Everyone knows their job in Gareth Southgate's team but the opposite is true of the French team.
They have the best number eight on the planet in N'Golo Kante, but he is playing far too deep and is unable to influence things. He can be France's most potent playmaker but he was too withdrawn in the first game.
With Corentin Tolisso also sitting back too much, there was a 30 or 40-yard gap between the midfield and the forwards, which is plainly a big problem.
They haven't got a player who can link it all up, as Hector Herrera did for Mexico against Germany, or Isco did for Spain, or Dele Alli and Jesse Lingard did for England against Tunisia.
And then France have the perennial issue of what to do with Paul Pogba. Deschamps has had two years since the Euros to get to grips with it but hasn't been able to do so, and your second game in a World Cup group is hardly the right time to start experimenting.
I am concerned rather than worried and, we have overcome slow starts before.
But it cannot help that Deschamps set up a friendly with a Spartak Moscow Under-19 team for all his fringe players and it was almost a disaster.
They scraped a 3-2 victory against a youth team. That should be absolutely incomprehensible.
What I don't think will happen is that these issues will escalate within the camp creating the problems within the squad that we have seen at previous tournaments.
They are a group of individuals more than anything else so the organisation needed for any disruption probably isn't there.
Things need to change though, and the big thing I would like to see is to bring Olivier Giroud into the starting line-up.
The presence of the Chelsea striker will be the perfect foil for Antoine Griezmann, who needs to work off another forward, just as he does when he plays alongside Diego Costa at Atletico Madrid.
He is a player who picks up the pieces and he is just not as effective when he is concentrating his efforts in wide areas.
That's the first change and the other is to push on against the Peruvians on Thursday.
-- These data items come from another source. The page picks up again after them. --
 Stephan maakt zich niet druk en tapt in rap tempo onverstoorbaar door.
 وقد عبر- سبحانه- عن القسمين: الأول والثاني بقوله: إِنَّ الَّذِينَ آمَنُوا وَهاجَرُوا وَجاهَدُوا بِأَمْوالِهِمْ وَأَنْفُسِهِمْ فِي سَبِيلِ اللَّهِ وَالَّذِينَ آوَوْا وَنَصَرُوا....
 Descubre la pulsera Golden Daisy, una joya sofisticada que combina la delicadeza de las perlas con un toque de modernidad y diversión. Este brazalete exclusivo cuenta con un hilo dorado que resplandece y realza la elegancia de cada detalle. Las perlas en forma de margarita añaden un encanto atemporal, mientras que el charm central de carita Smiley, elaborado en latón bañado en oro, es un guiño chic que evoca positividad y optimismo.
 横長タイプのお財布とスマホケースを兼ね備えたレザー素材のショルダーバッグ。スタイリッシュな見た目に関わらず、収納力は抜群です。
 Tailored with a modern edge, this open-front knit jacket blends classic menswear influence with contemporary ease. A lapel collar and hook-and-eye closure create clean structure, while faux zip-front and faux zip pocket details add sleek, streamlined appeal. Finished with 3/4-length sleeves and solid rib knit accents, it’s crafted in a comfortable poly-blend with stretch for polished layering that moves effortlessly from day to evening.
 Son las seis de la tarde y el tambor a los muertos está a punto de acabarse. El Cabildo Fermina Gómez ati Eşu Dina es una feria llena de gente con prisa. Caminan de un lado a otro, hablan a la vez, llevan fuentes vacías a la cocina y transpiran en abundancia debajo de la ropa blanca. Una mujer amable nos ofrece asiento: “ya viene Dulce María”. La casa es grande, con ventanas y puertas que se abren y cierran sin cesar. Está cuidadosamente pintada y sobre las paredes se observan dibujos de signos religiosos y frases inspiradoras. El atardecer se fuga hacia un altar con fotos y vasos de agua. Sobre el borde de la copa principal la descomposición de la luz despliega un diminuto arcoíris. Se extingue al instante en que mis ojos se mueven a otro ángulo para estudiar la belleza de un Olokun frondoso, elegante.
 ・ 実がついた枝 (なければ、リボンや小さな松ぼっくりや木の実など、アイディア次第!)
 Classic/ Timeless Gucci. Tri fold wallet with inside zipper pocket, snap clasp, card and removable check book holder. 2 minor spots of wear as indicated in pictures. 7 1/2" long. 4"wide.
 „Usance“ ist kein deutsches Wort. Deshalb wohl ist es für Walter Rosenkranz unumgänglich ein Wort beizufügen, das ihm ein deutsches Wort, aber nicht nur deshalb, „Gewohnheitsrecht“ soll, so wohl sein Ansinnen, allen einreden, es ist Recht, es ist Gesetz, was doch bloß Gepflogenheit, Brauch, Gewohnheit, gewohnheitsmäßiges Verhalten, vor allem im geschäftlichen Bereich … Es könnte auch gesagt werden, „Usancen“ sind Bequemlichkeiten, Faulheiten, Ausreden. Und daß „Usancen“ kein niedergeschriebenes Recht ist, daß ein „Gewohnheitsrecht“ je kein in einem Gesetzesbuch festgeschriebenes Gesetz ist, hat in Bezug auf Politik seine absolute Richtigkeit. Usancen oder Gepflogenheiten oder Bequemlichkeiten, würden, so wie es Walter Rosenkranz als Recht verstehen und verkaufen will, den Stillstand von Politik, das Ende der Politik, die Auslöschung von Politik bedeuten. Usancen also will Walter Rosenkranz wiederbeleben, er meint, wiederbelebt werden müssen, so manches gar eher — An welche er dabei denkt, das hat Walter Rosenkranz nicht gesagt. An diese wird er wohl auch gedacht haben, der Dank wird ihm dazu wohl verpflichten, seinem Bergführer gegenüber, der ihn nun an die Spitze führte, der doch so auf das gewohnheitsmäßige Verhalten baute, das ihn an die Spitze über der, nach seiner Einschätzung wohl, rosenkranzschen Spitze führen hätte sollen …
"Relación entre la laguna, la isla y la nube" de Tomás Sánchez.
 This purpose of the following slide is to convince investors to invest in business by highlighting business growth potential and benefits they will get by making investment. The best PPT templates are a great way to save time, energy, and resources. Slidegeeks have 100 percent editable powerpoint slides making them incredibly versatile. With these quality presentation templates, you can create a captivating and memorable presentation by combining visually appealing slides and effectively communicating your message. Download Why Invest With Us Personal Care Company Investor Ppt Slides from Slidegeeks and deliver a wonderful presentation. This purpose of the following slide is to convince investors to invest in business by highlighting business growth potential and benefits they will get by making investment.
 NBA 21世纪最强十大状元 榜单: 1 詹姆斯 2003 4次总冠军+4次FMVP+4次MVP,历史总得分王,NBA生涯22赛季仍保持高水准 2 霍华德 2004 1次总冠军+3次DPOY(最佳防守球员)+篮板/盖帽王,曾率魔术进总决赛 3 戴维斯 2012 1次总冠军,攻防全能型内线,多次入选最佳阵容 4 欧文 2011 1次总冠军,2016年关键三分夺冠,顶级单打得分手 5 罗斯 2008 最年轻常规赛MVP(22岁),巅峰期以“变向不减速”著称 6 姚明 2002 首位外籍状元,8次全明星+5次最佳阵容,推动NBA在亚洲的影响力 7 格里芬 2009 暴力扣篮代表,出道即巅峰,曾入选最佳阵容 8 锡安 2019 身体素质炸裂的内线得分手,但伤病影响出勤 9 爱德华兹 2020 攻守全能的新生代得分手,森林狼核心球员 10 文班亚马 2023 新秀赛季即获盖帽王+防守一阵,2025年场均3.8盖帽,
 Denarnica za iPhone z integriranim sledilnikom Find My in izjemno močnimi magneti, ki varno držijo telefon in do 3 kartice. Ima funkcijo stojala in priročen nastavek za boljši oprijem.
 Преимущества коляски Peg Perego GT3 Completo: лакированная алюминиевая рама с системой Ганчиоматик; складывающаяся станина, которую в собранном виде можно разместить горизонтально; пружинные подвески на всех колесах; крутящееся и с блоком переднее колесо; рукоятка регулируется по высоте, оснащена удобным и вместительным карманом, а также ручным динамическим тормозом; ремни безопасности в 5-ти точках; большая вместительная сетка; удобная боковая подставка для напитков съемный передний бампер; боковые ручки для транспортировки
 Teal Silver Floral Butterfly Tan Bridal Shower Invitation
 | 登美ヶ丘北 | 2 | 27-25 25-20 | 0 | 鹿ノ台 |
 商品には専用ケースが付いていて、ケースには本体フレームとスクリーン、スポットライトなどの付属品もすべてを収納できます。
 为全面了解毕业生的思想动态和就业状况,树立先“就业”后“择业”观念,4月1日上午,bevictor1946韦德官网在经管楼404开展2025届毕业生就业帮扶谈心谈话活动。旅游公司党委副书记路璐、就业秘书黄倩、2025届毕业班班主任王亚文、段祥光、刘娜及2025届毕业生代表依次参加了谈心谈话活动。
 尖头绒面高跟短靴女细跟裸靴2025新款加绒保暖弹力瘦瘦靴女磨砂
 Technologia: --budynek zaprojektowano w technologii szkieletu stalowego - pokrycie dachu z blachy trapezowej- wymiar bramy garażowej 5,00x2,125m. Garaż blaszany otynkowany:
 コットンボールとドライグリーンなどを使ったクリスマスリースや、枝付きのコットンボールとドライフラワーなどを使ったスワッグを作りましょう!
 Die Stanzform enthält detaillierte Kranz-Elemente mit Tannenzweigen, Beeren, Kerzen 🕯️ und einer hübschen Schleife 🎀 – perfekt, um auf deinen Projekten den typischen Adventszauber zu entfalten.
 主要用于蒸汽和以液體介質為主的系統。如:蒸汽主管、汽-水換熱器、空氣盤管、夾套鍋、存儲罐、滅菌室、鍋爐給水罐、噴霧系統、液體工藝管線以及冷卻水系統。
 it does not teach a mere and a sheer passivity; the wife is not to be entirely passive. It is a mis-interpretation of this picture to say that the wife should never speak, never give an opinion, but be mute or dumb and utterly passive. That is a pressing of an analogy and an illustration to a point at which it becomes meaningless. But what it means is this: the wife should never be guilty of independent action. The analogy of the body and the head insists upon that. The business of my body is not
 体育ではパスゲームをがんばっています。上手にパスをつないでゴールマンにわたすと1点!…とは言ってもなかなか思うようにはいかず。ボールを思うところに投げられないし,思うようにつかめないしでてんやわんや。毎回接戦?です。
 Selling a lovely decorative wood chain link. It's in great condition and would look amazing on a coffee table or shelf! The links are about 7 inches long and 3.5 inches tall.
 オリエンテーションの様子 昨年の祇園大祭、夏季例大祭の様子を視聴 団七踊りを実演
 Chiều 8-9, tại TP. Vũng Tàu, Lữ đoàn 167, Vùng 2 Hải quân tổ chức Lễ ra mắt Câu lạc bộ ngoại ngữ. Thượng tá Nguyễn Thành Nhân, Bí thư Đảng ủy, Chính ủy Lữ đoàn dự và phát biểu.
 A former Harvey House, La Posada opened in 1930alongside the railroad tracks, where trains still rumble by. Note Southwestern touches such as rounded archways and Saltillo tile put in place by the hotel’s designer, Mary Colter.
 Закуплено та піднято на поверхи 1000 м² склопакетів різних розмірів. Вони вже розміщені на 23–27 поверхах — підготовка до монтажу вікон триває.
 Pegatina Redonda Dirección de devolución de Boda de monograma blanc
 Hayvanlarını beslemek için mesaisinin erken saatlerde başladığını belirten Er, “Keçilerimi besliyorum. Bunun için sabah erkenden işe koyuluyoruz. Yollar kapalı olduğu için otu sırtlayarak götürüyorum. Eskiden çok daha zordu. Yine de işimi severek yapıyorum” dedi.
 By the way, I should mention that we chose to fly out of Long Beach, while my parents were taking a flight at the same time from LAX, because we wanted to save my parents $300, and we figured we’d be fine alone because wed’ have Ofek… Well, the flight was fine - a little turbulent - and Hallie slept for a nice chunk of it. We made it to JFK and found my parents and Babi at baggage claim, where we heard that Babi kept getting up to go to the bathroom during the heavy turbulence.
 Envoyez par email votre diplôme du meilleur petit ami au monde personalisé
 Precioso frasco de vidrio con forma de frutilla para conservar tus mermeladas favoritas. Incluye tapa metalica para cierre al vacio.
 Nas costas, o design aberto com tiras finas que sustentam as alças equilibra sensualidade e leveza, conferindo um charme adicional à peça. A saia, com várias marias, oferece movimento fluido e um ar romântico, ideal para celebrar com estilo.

They didn't put Australia under any pressure at all. Why did they sit off them?
Mexico and Switzerland demonstrated against Germany and Brazil what you can achieve by putting teams under pressure from the front but France didn't do that and were fortunate to win due to a penalty and a deflected goal.
They need to do that to prevent Peru hitting them on the counter-attack. The South Americans cannot afford to sit back after they lost their opening game against Denmark and France have to be wary.
I always thought this would be the problem game for France in the group and I believe Deschamps will resist making too much of a change.
He won't panic and is likely to adopt a safety-first approach, so expect it to be a cagey game.
France should get through it in the end, mainly because Peru may not possess the same ability to convert their chances, as they showed in their defeat to Denmark.
But France now know where they need to improve and have had their wake-up call. Now they have to take notice.